I only have one recording of it as well so I will go with:

View attachment 49380


Herbert Von Karajan/Berlin Philharmonic


----------



## Jeff W (Jan 20, 2014)

I've never heard this one before either and, alas, I do not yet have a recording of this one. I'll seek out a performance on Youtube. Most probably this one:






Yevgeny Mravinsky leading the Leningrad Philharmonic Orchestra from 1964.


----------



## ptr (Jan 22, 2013)

Honegger is always a welcome on my listening menu!

I'll dig out the classic Serge Baudo Supraphon disc where he conduct the Czech Philharmonic!







/








/ptr


----------



## clara s (Jan 6, 2014)

today you hit a good target

power, serenity, tension, suffering, excitement, everything can be felt here

great music

of course for me karajan leads the line with Berlin Phil. because he had really a special approach to Honegger Symphonies

also great are Yevgeny Mravinsky with Len. Phil. O.

N. Jarvi with Danish RSO

and Ernest Ansernet. He has done with more than one orchestras, but I have heard the Bavarian RSO.

I want to hear D R Davies with Basel SO, which i have not heard, maybe this weekend

good choice


----------



## Vaneyes (May 11, 2010)

I'll listen to two recs, and I'll see/hear if I can prefer one over the other. I obtained Jarvi's primarily for #5.:tiphat:

*Honegger*: Symphony 3, w. BPO/HvK (rec.1969), w. Danish RSO/Jarvi (1992).


----------



## Mahlerian (Nov 27, 2012)

Bavarian Radio Symphony/Dutoit









I've heard many fans of the work have problems with these readings, though...


----------



## ptr (Jan 22, 2013)

Mahlerian said:


> Bavarian Radio Symphony/Dutoit
> I've heard many fans of the work have problems with these readings, though...

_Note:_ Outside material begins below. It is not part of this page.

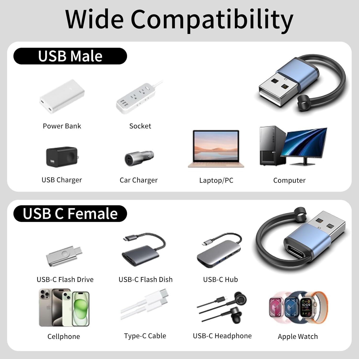 The USB 2.0 standard ensures a transfer speed of up to 480Mbps, enabling fast data transfers for files, music, videos, and more. Compatible with laptops, desktops, car chargers, wall adapters, and power banks, it supports a wide range of USB-C devices including smartphones, tablets, flash drives, gamepads, and headphones.
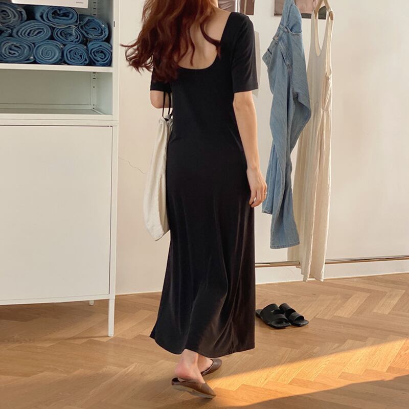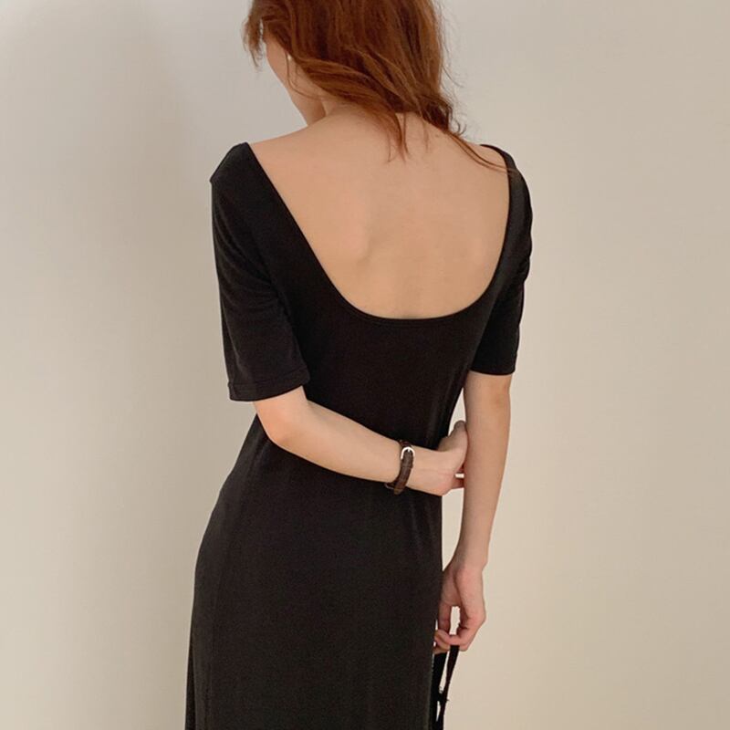 A ライン スクエア半袖黒ドレス女性ミディ綿セクシーな背中の開いたボディコン ドレス ローブ Vestidos デ ショート ブラック コットン ハーフスリーブ スクウェア asa8892325271

This was my first contact with Honegger in the 80's in its original Erato release, I quite liked what I heard then and it made me investigate Honegger further, discovering what other like Serge Baudo coaxed out of AH's music made me turn to them more often.. 
My Dutoit / Honegger records have mostly been collecting dust since... :tiphat: ... I don't know if its only me, but it often seems like Dutoit has been, if not a failure, less successful when working with orchestras outside the Francophile rôme (fx. I was told by a senior of the Gothenburg Symphony of whom Dutoit was in charge in the late 1970's, that Dutoit was "incapable of communicating with the orchestra in any civilized language what so ever (his exaggeration), myself, I treasure many of the recordings Decca did with him in Montreal and many with the Orchestre National de France on Erato & Decca

/ptr

/ptr


----------



## Mika (Jul 24, 2009)

Mario Klemens & Prague Radio Symphony Orchestra


----------



## Haydn man (Jan 25, 2014)

realdealblues said:


> I've never heard this work before so this will be a new one for me. I'm looking forward to checking it out.
> 
> I only have one recording of it as well so I will go with:
> 
> ...


Likewise, this is new to me and have chosen this version with Spotify


----------



## PetrB (Feb 28, 2012)

ptr said:


> This was my first contact with Honegger in the 80's in its original Erato release, I quite liked what I heard then and it made me investigate Honegger further, discovering what other like Serge Baudo coaxed out of AH's music made me turn to them more often..
> My Dutoit / Honegger records have mostly been collecting dust since... :tiphat: ... I don't know if its only me, but it often seems like Dutoit has been, if not a failure, less successful when working with orchestras outside the Francophile rôme (fx. I was told by a senior of the Gothenburg Symphony of whom Dutoit was in charge in the late 1970's, that Dutoit was "incapable of communicating with the orchestra in any civilized language what so ever (his exaggeration), myself, I treasure many of the recordings Decca did with him in Montreal and many with the Orchestre National de France on Erato & Decca
> 
> /ptr
> ...


Baudo, I think, was just _that much better than_ many another -- perhaps similar to a Ferenc Fricsay. Baudo's Honegger recordings are a perfection of tempi, balancing all the interior voicings or actual counterpoint, i.e. 'all proportions _juste,_ all without the music either bogging down or sounding at all academic.


----------



## brotagonist (Jul 11, 2013)

I have never heard this, either. I will need to refer to an offsite source, performed by the Orchestre National de l'ORTF under the direction of Louis de Froment.


----------



## PetrB (Feb 28, 2012)

Honegger Symphony No. 3 as transcribed for two pianos by Dmitri Shostakovich (!)


----------



## brotagonist (Jul 11, 2013)

^ Wow! Sounds sensational. I will try that one, too!


----------



## hpowders (Dec 23, 2013)

PetrB said:


> Honegger Symphony No. 3 as transcribed for two pianos by Dmitri Shostakovich (!)


Very impressive!


----------



## Rhythm (Nov 2, 2013)

This evening, I heard *Orchestra Filarmonica di Leningrado* conducted in 1965 by Yevgeni Mravinsky. Were there sounds of trains and train whistles?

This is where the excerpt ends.